Family / Re: Whats Wrong With Answering My Father's Name Along With My Husbands? by fs(f): 11:45pm On Mar 09, 2009
and how is it her husband's house? pleasee.
Family / Re: Whats Wrong With Answering My Father's Name Along With My Husbands? by fs(f): 11:43pm On Mar 09, 2009
To the OP, there's no real, tangible reason why he won't budge. It's simply because that is how it's always been in our culture. That's it. People get used to things, this is one of them. Some people manage to not let things like this bother them, but many cannot shake off the fact that this is how it's always been. People hyphenate their names all the time, but it's not as much of the norm as just taking your husband's name. This has nothing to do with the man being the head of the household (what does that have to do with changing or not changing one's name?). Humans are stubborn and we "like" tradition. It is just one of those things.

Make your current last name your middle name. That seems like the best solution for you. He can't possibly be against that, can he? That would be weird.
Family / Re: Which Engagement Ring? by fs(f): 10:04pm On Mar 09, 2009
Better yet, what does your significant other like?
Family / Re: Whats Wrong With Answering My Father's Name Along With My Husbands? by fs(f): 9:57pm On Mar 09, 2009
You're right Radiant, it's not a women's right issue for me. To me personally, it really doesn't matter. I love using my husband's name, doesn't matter to me. But sometines names are important to others for whatever reason. Why shouldn't their opinions be listened to?
Family / Re: Whats Wrong With Answering My Father's Name Along With My Husbands? by fs(f): 8:25pm On Mar 09, 2009
To those who are saying it's a trivial matter, why isn't it also trivial for the guy? Why is it so important that he wants her to change her name? I'm not saying he cannot want this, all I'm asking is that isn't there a better argument for his case? Because saying it's a trivial matter doesn't make sense to me since it seems it should be a trivial matter to both sides. No? Please enlighten me.

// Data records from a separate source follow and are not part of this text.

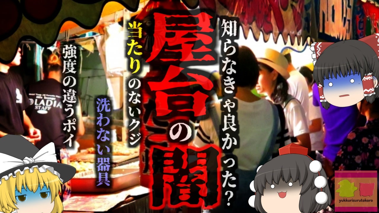 <a href="#" class="seekTime" data-seekTime="00:07" onclick="seekNicoPlayer('#00:07'); return false;">#00:07</a> お祭り・縁日<br><a href="#" class="seekTime" data-seekTime="1:03" onclick="seekNicoPlayer('#1:03'); return false;">#1:03</a> 牛タン屋台が炎上<br><a href="#" class="seekTime" data-seekTime="1:48" onclick="seekNicoPlayer('#1:48'); return false;">#1:48</a> コメント欄に寄せられた体験談<br><a href="#" class="seekTime" data-seekTime="2:51" onclick="seekNicoPlayer('#2:51'); return false;">#2:51</a> どのような違反や罰が考えられるのか?<br><a href="#" class="seekTime" data-seekTime="5:10" onclick="seekNicoPlayer('#5:10'); return false;">#5:10</a> きめぇ丸のインタビュー<br><a href="#" class="seekTime" data-seekTime="5:42" onclick="seekNicoPlayer('#5:42'); return false;">#5:42</a> かつての屋台裏方で行われていたこと<br><a href="#" class="seekTime" data-seekTime="6:26" onclick="seekNicoPlayer('#6:26'); return false;">#6:26</a> アタリの無いくじ<br><a href="#" class="seekTime" data-seekTime="6:58" onclick="seekNicoPlayer('#6:58'); return false;">#6:58</a> 実は強度が異なるポイ<br><a href="#" class="seekTime" data-seekTime="8:00" onclick="seekNicoPlayer('#8:00'); return false;">#8:00</a> 営業にはいくかの許可が必要<br><a href="#" class="seekTime" data-seekTime="8:47" onclick="seekNicoPlayer('#8:47'); return false;">#8:47</a> PTAや自治会のお祭りは非常に良心的<br><a href="#" class="seekTime" data-seekTime="9:55" onclick="seekNicoPlayer('#9:55'); return false;">#9:55</a> 摘発が難しい理由<br><a href="#" class="seekTime" data-seekTime="12:25" onclick="seekNicoPlayer('#12:25'); return false;">#12:25</a> 日本の文化「縁日屋台」とその付き合い方<br><br>引用・出展・参考文献(視聴者提供資料など<br>東京都保健医療局 食品衛生の窓<br>飲食店向け食物アレルギー対策について<br><a href="https://x.gd/v4xVZ" target="_blank" rel="noopener nofollow">https://x.gd/v4xVZ</a><br>Yahoo!ニュース <br><a href="https://x.gd/wj9mB" target="_blank" rel="noopener nofollow">https://x.gd/wj9mB</a><br><br />※この動画は過去の事件を知り、現在でも同じことが発生する危険性を再認識、関与しないように促すための動画であり、視聴者を扇動、動揺を誘うためのコンテンツではありません。<br><br>ご要望にお応えして、メンバーシップの開設を行いました。<br>下記URLからも登録可能ですので、ご興味がある方は是非ご参加ください。<br><a href="https://www.youtube.com/channel/UCcT5a1J7XJW7CLYI2RKl4pw/join" target="_blank" rel="noopener nofollow">https://www.youtube.com/channel/UCcT5a1J7XJW7CLYI2RKl4pw/join</a><br><br><br>Twitter<br>→<a href="https://twitter.com/yukkurisurutoko" target="_blank" rel="noopener nofollow">https://twitter.com/yukkurisurutoko</a><br><br>取り急ぎ、簡易的にですがマイリストを作りました。<br>【ゆっくり解説】事故・事件関係紹介リスト <br><a href="https://www.nicovideo.jp/mylist/71034319" target="_blank" rel="noopener nofollow">https://www.nicovideo.jp/mylist/71034319</a><br>【ゆっくり解説】放射線系事故<br><a href="https://www.nicovideo.jp/mylist/71034368" target="_blank" rel="noopener nofollow">https://www.nicovideo.jp/mylist/71034368</a><br>【ゆっくり解説】鉄道系事故・事件関連<br><a href="https://www.nicovideo.jp/mylist/71034379" target="_blank" rel="noopener nofollow">https://www.nicovideo.jp/mylist/71034379</a>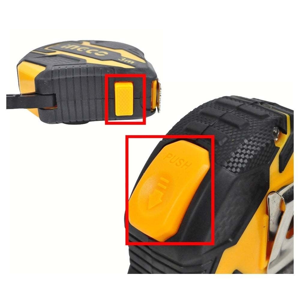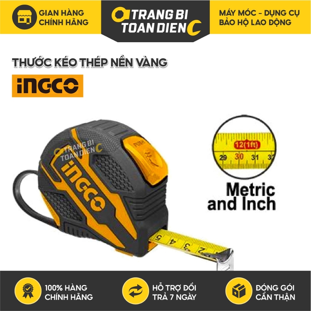 Thước cuộn thép nền vàng 3m, 5m, 8m INGCO HSMT08316, Chiều dài và chiều rộng tự khóa, hệ đo mét&inch, Trang bị toàn diện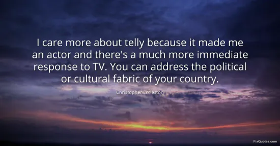 Eccleston, Christopher. (2026, January 17). I care more about telly because it made me an actor and there's a much more immediate response to TV. You can address the political or cultural fabric of your country. FixQuotes. https://fixquotes.com/quotes/i-care-more-about-telly-because-it-made-me-an-66874/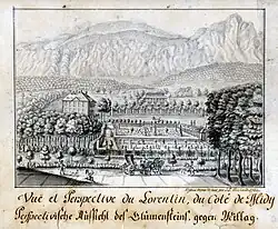 Das Blumensteingut mit seiner eindrücklichen Gartenanlage (J. P. Thiébaud, 1760)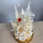 gipsofila - 15 ud. glixia - 15 ud. musgo preservado - 1 ud. helecho preservado - 7 ud. swarovski kris oso - 1 ud. hortensia preservada - 1 ud. helecho de espárrago preservado - 8 ud. siempreviva - 4 ud. cúpula de vidrio de color latón - 1 ud.
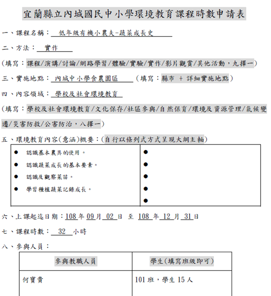 一、項目:訂定食農計畫及設置教學農場推展食農教育。

Personally, I haven't taken my husband's name yet (we've been married almost 3 years). I actually want to take his name, just haven't done so due to other complicated reasons. I do use his name in social settings (email, facebook, personal stuff, etc), just not legally (work, banks, etc). But this is because this is what I wanted to do.

I understand that it is the norm, this is what we are used to, so that's the reason why most people take their husband's names. Because it's the norm, not because it's trivial. I do believe though, that if for some reason it is that important to the OP, her husband should respect that. It's not like she's not taking his name at all. She's just hyphenating it. I'm not sure why "love" as stated by another poster doesnt apply to him? If he loves her, why can't he respect her wishes?